• Problem description: What is needed is an exact copy of the lines in the listing below, from the one with "The Aputure STORM" up to and including the one with "Pe panoul din", with no other lines.

• Input for this task:
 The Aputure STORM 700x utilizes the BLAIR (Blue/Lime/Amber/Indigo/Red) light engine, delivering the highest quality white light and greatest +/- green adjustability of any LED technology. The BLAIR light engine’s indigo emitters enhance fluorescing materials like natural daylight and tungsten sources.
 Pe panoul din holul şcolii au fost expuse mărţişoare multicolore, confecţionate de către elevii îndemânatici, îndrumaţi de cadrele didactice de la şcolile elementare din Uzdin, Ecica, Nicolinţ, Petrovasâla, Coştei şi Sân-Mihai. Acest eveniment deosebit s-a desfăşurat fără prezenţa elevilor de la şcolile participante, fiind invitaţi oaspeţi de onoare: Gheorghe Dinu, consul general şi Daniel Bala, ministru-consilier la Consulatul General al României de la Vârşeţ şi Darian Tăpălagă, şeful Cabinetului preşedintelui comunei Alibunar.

...

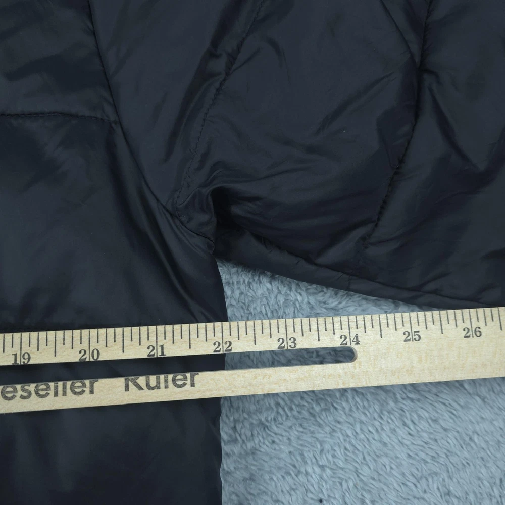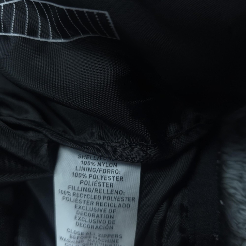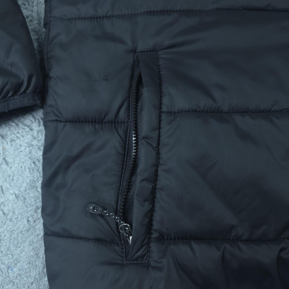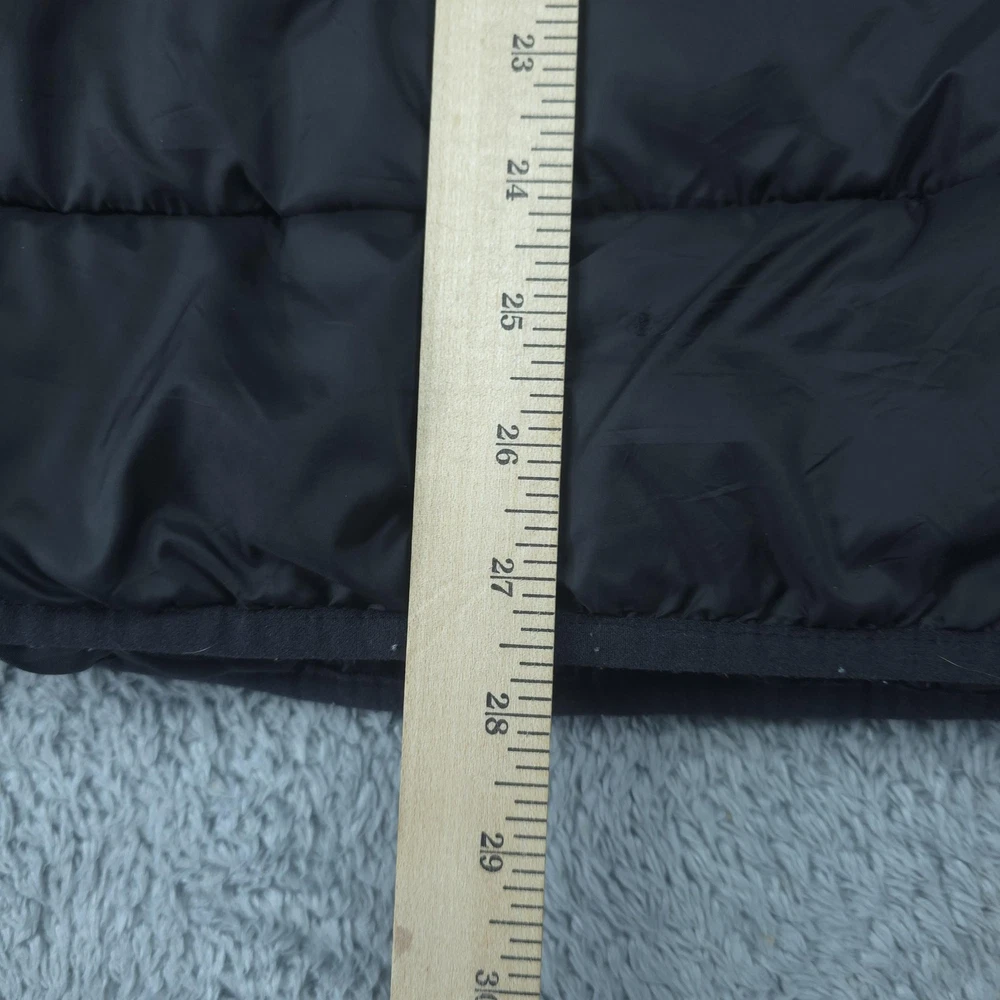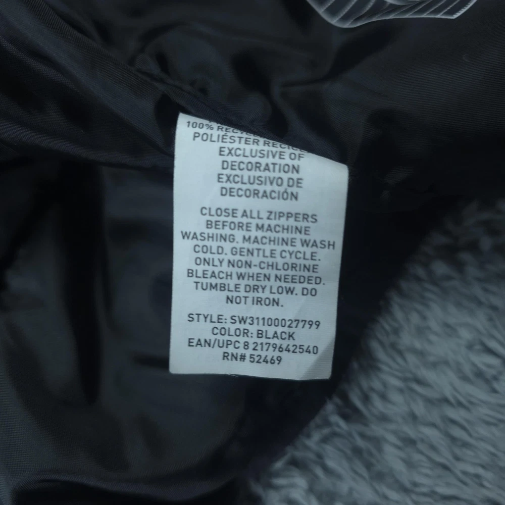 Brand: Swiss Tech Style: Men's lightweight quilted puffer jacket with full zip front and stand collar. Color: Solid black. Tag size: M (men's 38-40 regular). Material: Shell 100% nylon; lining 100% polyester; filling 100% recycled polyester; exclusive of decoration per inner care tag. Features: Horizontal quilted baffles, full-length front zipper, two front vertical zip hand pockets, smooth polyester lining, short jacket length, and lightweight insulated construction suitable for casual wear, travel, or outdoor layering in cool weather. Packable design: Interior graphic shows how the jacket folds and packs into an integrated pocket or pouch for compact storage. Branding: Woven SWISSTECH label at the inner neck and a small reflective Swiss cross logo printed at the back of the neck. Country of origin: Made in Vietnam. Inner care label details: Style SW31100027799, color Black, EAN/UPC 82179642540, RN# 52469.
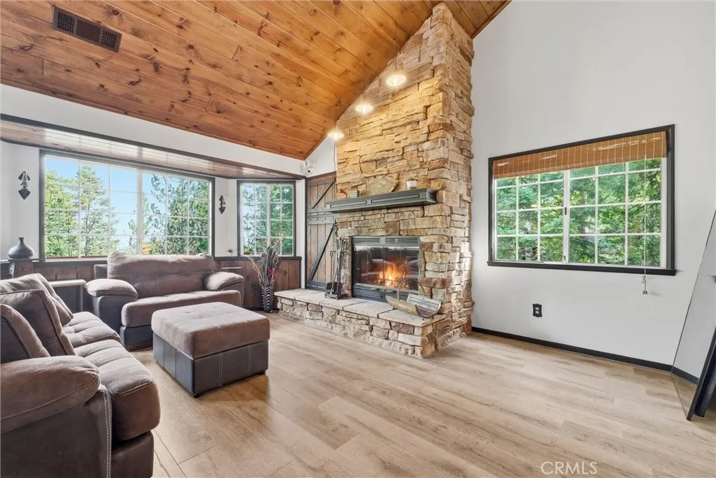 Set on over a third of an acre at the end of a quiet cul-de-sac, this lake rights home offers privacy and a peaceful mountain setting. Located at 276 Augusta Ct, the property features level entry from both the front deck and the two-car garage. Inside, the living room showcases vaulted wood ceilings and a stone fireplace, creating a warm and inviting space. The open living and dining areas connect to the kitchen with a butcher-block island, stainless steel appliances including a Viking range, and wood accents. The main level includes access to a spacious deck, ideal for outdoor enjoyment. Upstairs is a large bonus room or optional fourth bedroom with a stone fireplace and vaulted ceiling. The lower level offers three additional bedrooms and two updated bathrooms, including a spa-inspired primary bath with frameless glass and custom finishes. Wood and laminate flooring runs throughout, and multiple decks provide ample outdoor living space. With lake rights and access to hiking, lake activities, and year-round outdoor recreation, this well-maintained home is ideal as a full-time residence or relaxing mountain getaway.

• Answer for this exercise:
 The Aputure STORM 700x utilizes the BLAIR (Blue/Lime/Amber/Indigo/Red) light engine, delivering the highest quality white light and greatest +/- green adjustability of any LED technology. The BLAIR light engine’s indigo emitters enhance fluorescing materials like natural daylight and tungsten sources.
 Pe panoul din holul şcolii au fost expuse mărţişoare multicolore, confecţionate de către elevii îndemânatici, îndrumaţi de cadrele didactice de la şcolile elementare din Uzdin, Ecica, Nicolinţ, Petrovasâla, Coştei şi Sân-Mihai. Acest eveniment deosebit s-a desfăşurat fără prezenţa elevilor de la şcolile participante, fiind invitaţi oaspeţi de onoare: Gheorghe Dinu, consul general şi Daniel Bala, ministru-consilier la Consulatul General al României de la Vârşeţ şi Darian Tăpălagă, şeful Cabinetului preşedintelui comunei Alibunar.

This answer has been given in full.